Amex GBT Acquisition of KDS: Customer Impact
Last month, American Express Global Business Travel (GBT) last month announced it had signed an agreement to acquire KDS, a provider of integrated travel technology. According to the press release, “the acquisition of KDS is part of a broader investment strategy by GBT to develop an industry-leading suite of traveler-centric online and digital services, sitting on top of the company’s core technology platform for business travelers.”
During their continuous and extensive review of travel and expense management solutions, our analysts always look at what kind of impact these developments will have on products and customers. In order to find out more, we sat in on one of many sessions they’ve planned to address questions about the acquisition.

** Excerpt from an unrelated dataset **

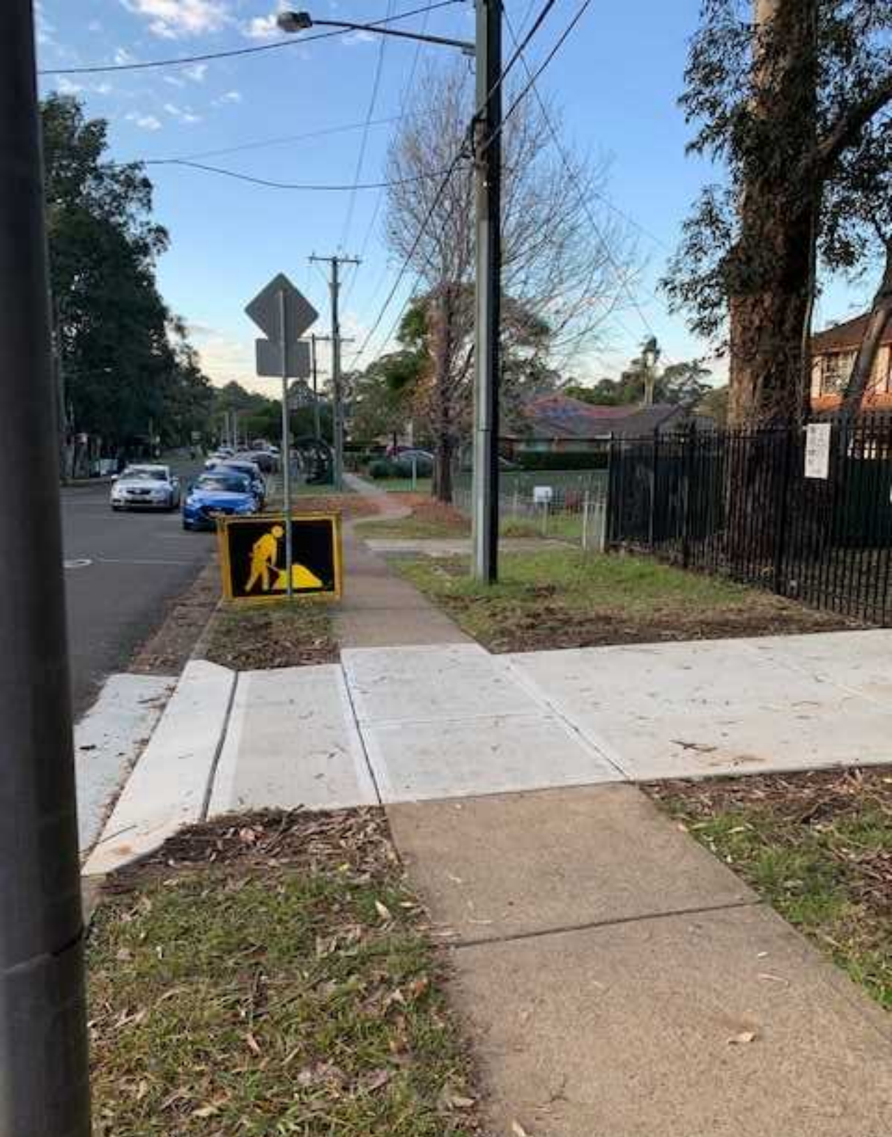
4. General Conditions of Footpath South

We learned that very little will change as far as the business model and product strategy. The way KDS interacts with customers will remain unchanged, regardless of their affiliation with AMEX GBT or other travel management companies. All customers will continue to be serviced in the same way. The global footprint and extended ecosystem of AMEX GBT will add significant resources for KDS to optimize existing tools and develop new ones. In an industry that relies on interoperability, a merger with a large organization with a global footprint and more provider relationships will no doubt provide numerous long-term benefits to end users.
The acquisition is expected to close next month. KDS will operate as a wholly owned subsidiary of AMEX GBT, and there won’t be any sharing of customer data for commercial purposes. All contracts and points of contact for customers will remain the same. KDS has several more sessions and small roundtables planned to address any concerns.